My boss and I have had an office affair for almost two years now. Somewhere January, I realized I was pregnant so I called to inform him. He asked to get back to me later in the day which he did and suggested I abort it. He is married with kids and far older than I am but I have come to love him so much. He is forty, I am just 22 years but that disappears the moment I see him. I think of him, his comfort and happiness even more than myself. I have been working for him since I completed high school three years ago. I had a boyfriend then but after four months of working with him, he managed to break my virginity while my actual guy tried severally but failed every time. I never gave my guy the chance. My boss is a smart man. He is extremely strict, focused and hardworking. He is also a sweet-talker because up until now, I don’t know how he managed to take my virginity and get me to fall in love with him.

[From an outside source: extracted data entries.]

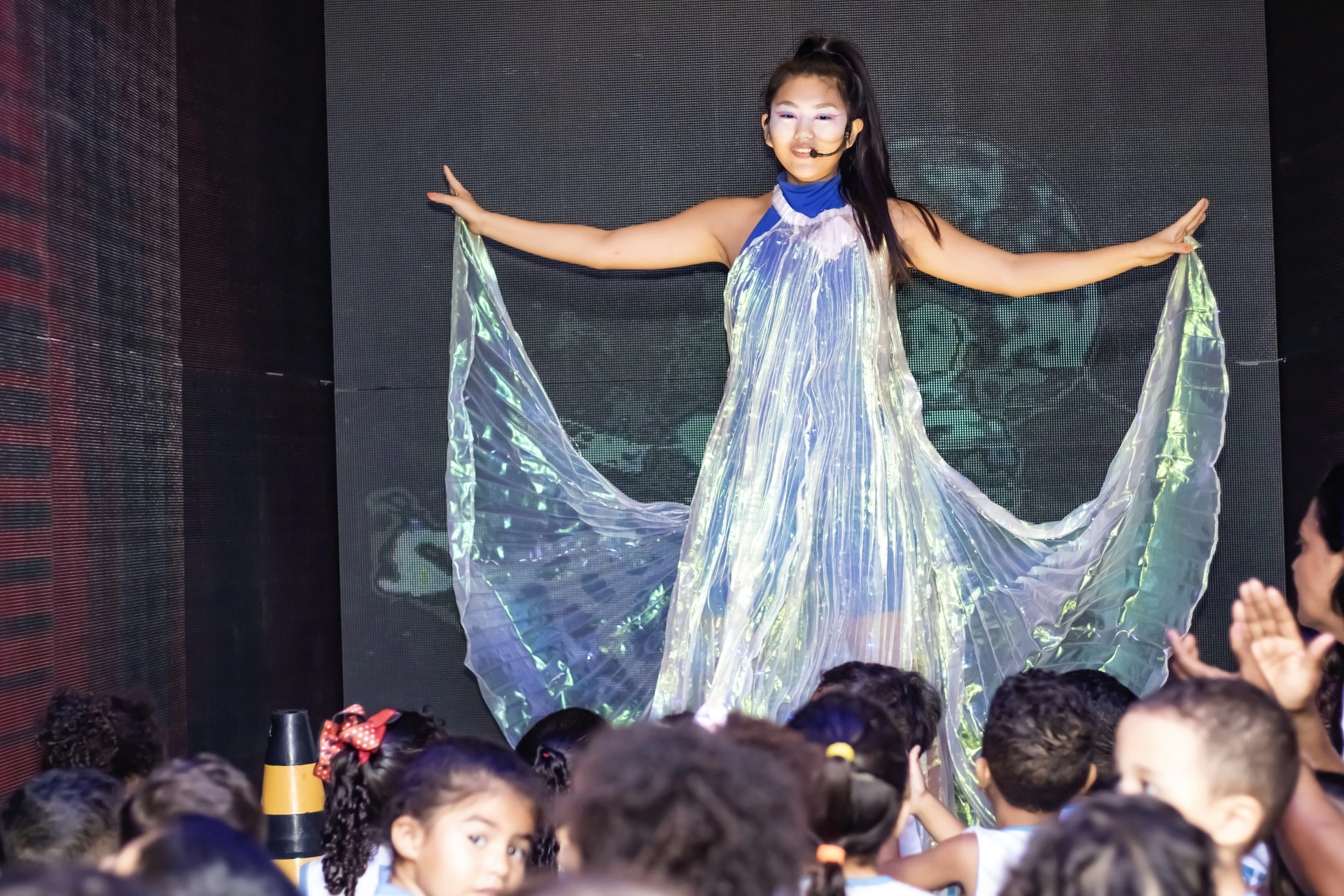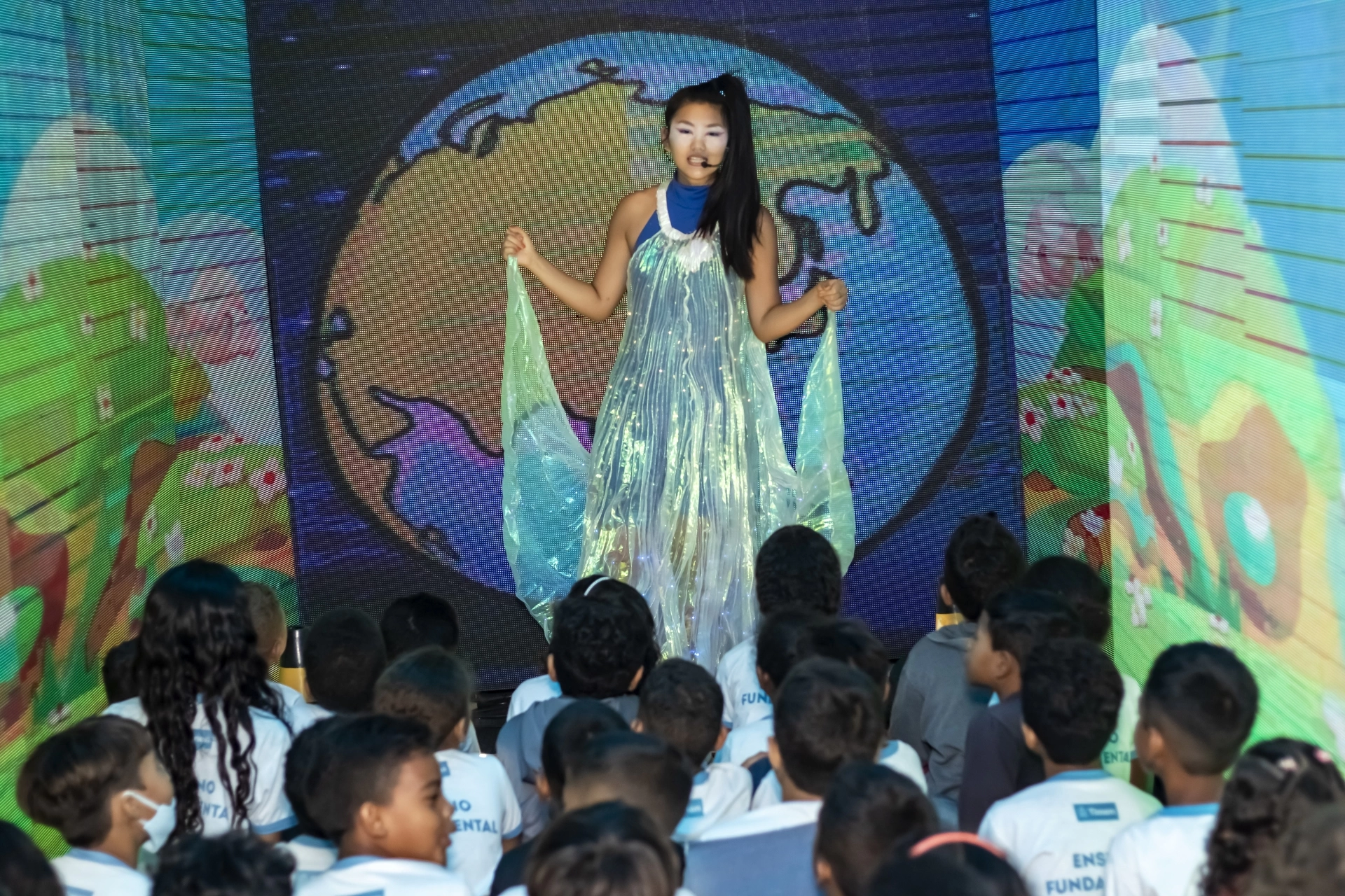 O cenário possui uma visão de 180 graus em um espaço de 12x3 metros e é totalmente digital, oferecendo ao espectador a sensação de estar dentro da história. Essa experiência imersiva estimula os sentidos e aproxima o público de atividades do mundo real, permitindo que todos estejam plenamente envolvidos no ambiente virtual criado.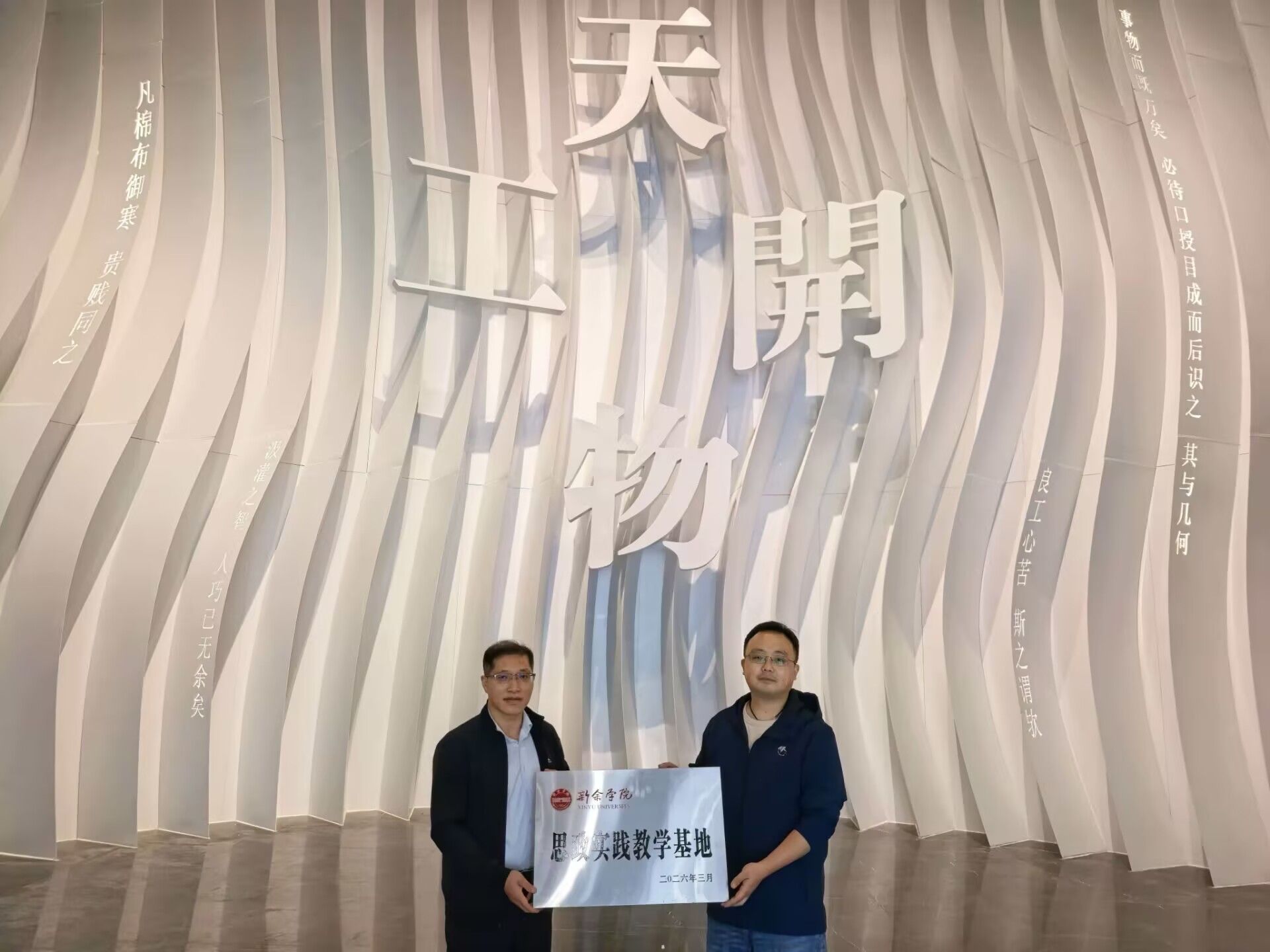 4月22日下午,我院与分宜县博物馆共建思政实践教学基地授牌仪式在天工开物陈列馆举行。为深化思政课理论与实践相融合,丰富思政课实践教学元素,提升文化育人实效,马克思主义学院积极拓展教学实践资源,与分宜县博物馆所属的天工开物陈列馆、分宜县麻博馆洽谈对接,签订了双方共建思政实践教学基地协议,有效实现资源共享、发挥传统文化育人效果,共同开展天工开物思政项目申报,开展思政课程现场教学,拓展思政可实践教学效果。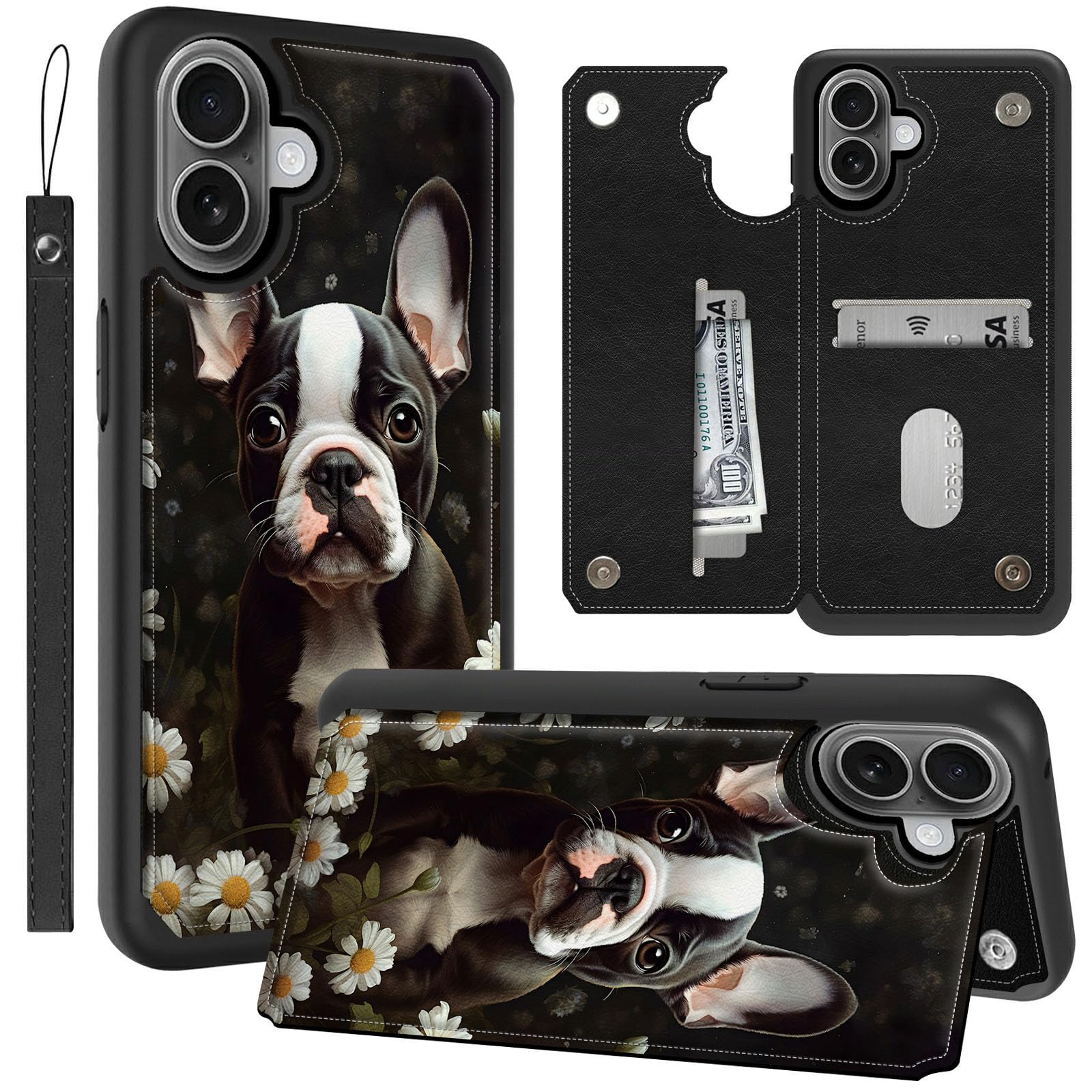 GFRGTFHYT for iPhone 16 Plus Wallet Case 6.7" Boston Terrier Dog PU Leather Wrist Strap Credit Card Holder Slots Magnetic Clasp Kickstand Flip

I am still with the pregnancy. I don’t want to abort it. I know it is inappropriate to desire a married man but I love him. He hasn’t spoken to me in a while because of my decision to keep the baby. He said it’s a jeopardy to his marriage, home, job, dignity and integrity. He is so much interested in his reputation than that of mine. I will equally be accused by society of sleeping with my boss and trying to wreck his home. I don’t see why he is making a big deal out of this. All I want from him is to marry me. I am not interested in him coming to see my parents, Nope! I have asked him to get me a place outside the neighbourhood where I can live as his second family. He will come around to see me often, love and treat me same way he treats his wife and kids. I am ready to be his secret second wife but he is trying to reject the offer and is insisting I abort the baby.
I discussed with a friend and she advised I see a spiritualist to help me get him to marry me. She said she knows a place at Kasoa where it can be done quickly. Though I want the man, I feel scared to do this. What if it doesn’t turn out well? I have watched movies where ladies go mad after such spells are broken. My friend said I will be given a padlock that I can lock him with and keep it somewhere. As long as it is locked, I have him all to myself. Sounds like a great idea to me but, I just wish my boss can develop natural affection for me the way he made me develop it for him. He is the only man that has seen my nakedness, the only person who has given me the sweetest feeling of all time. I love how he handles me. I miss him so much. He has refused to touch me ever since this pregnancy issue broke out. I know that right after I do the abortion, he will dump me. I don’t want that.
Advise me on what to do. Should I go ahead and do what my friend suggested, insist on keeping the baby to have him stick around forever (which I know he will because he wouldn’t ever want his family knowing about us) or I should just abort the baby and refuse to leave him? I am so confused. I need advice please.